[COLLECTED MATERIAL]:
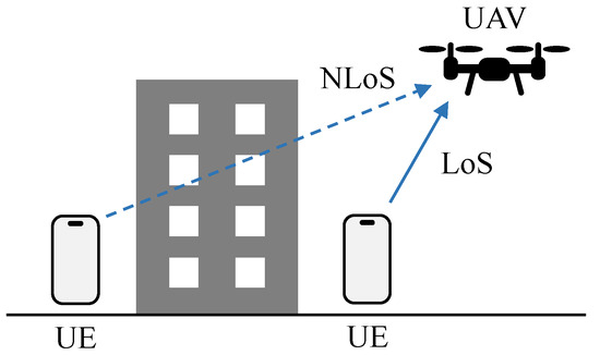 We adopt the 2.4 GHz band for data transmission, because it can be easily integrated with the hardware of UEs nowadays. For simplicity, the shape of the buildings is ignored. Thus, the data transmission model between the UAV and the UEs is defined with the possibilities of Line-of-Sight (LoS) and Non-Line-of-Sight (NLoS) propagation. As shown in Figure 5, LoS propagation occurs only when there is no obstacle between the UAV and the UE.
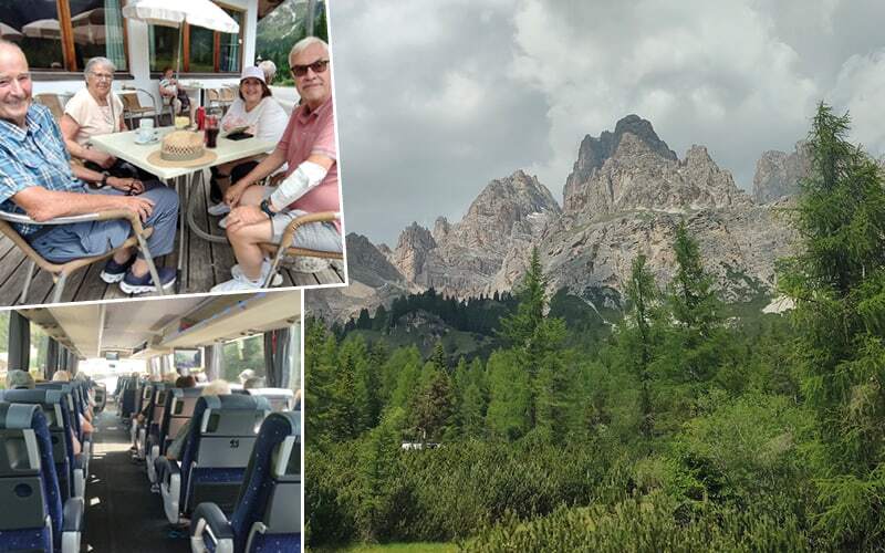 Danach erreichen wir das mondäne Cortina d’Ampezzo. Unsere Stadtführerin Gertrud nennt es liebevoll «die Königin der Dolomiten» und sie hat recht. Cortina strahlt. Edle Boutiquen, schicke Cafés, und rundherum Gipfel, die zum Himmel wachsen. Einziger Wermutstropfen: Die Stadt gleicht derzeit einer Grossbaustelle – Olympia 2026 lässt grüssen! Leider bedeutet das auch eine Busse für unseren Chauffeur Peter, denn der Busparkplatz ist eine einzige Baustelle und irgendwo muss er ja stehen. Aber er nimmt’s mit Humor.
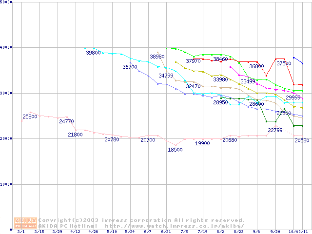 HDD主要製品の最安値推移

[EXERCISE]:
Please set down the whole listing above exactly and skip every picture.

[RESULT FOR THIS EXERCISE]:
 We adopt the 2.4 GHz band for data transmission, because it can be easily integrated with the hardware of UEs nowadays. For simplicity, the shape of the buildings is ignored. Thus, the data transmission model between the UAV and the UEs is defined with the possibilities of Line-of-Sight (LoS) and Non-Line-of-Sight (NLoS) propagation. As shown in Figure 5, LoS propagation occurs only when there is no obstacle between the UAV and the UE.
 Danach erreichen wir das mondäne Cortina d’Ampezzo. Unsere Stadtführerin Gertrud nennt es liebevoll «die Königin der Dolomiten» und sie hat recht. Cortina strahlt. Edle Boutiquen, schicke Cafés, und rundherum Gipfel, die zum Himmel wachsen. Einziger Wermutstropfen: Die Stadt gleicht derzeit einer Grossbaustelle – Olympia 2026 lässt grüssen! Leider bedeutet das auch eine Busse für unseren Chauffeur Peter, denn der Busparkplatz ist eine einzige Baustelle und irgendwo muss er ja stehen. Aber er nimmt’s mit Humor.
 HDD主要製品の最安値推移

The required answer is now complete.